I am SM from Toronto. :)

I am so grateful to have found you. This is my first time here. I surfed in searching information on Ostomy belts (which I didn't even know existed until this morning), and found the comparison video that Eric posted.

I am not vegan, nor have I got an ostomy. This said, I am the partner (and future caregiver) of someone who was just diagnosed with rectal cancer. The doctors have suggested a 6-month colostomy bag following a surgery to remove the tumour, and as I predicted, my partner freaked out at the idea.

I came here looking for a comprehensive, non-scary resource of info to help him realize that life is worth living, ostomy bags are manageable, and there is no reason he can't continue doing the things he loves -- playing music, going out, working to work, etc.

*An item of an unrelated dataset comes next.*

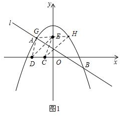 (2)过点E作x轴的平行线交抛物线G、H两点,如图1,![]()

Now the vegan piece -- my partner is vegetarian, and I was one for 14 years, but have stopped eating vegetarian. I am a big believer of natural healing and vegan eating as a means of healing from Cancer (combined with your medical treatments, as advised). Together, my partner and I are going to be moving to a plant-based/non-processed/no sugar diet. So that there is food related content on here is extra awesome!

I won't lie ... this diagnoses was scary, and I spent days in fear. He's still processing the news, but next week he will have no choice but to face the decision. I personally am worried about him going into a depression post-ostomy -- seeing as he already struggles with this, and I'm afraid he will struggle to see the light. 

I am going to browse this forum and site, and hope to find some great content to share with my partner when he's mentally present and ready to hear it.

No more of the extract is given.